Re: reloption to prevent VACUUM from truncating empty pages at the end of relation

Alvaro Herrera <alvherre@alvh.no-ip.org>

From: Alvaro Herrera <alvherre@alvh.no-ip.org>
To: Andres Freund <andres@anarazel.de>
Cc: Michael Paquier <michael@paquier.xyz>, Amit Kapila <amit.kapila16@gmail.com>, Tom Lane <tgl@sss.pgh.pa.us>, Fujii Masao <masao.fujii@gmail.com>, PostgreSQL-development <pgsql-hackers@postgresql.org>
Date: 2018-04-19T20:38:02Z
Lists: pgsql-hackers

Commits

Same data as JSON: GET /api/v1/messages/:b64id/commits the thread's linked commits as JSON, with link sources.

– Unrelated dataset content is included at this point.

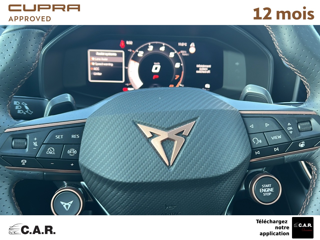 • Volant Supersports CUPRA en cuir avec boutons satellites, chauffant avec palettes de changement de rapport

API reference →
  1. Add TRUNCATE parameter to VACUUM.

  2. Add vacuum_truncate reloption.

  3. Allow VACUUM to be run with index cleanup disabled.

Andres Freund wrote:
> On 2018-04-19 16:56:59 -0300, Alvaro Herrera wrote:
> > Michael Paquier wrote:
> > 
> > > Then, let's consider the beginning of the first commit fest of v12 as
> > > judgement.  Implementing radix tree for shared buffers is a long-term
> > > project, which has no guarantee to get merged, while a visibly-simple
> > > reloptions which helps in some cases...
> > 
> > In the scenario we studied, the truncations were causing periodic
> > hiccups which were quite severe.
> 
> Was that with the current logic of breaking the truncations into smaller
> chunks?

Yes -- it was with 9.5.7.  I was skeptical about that stuff working
correctly for a toast table, BTW, but I didn't manage to prove anything.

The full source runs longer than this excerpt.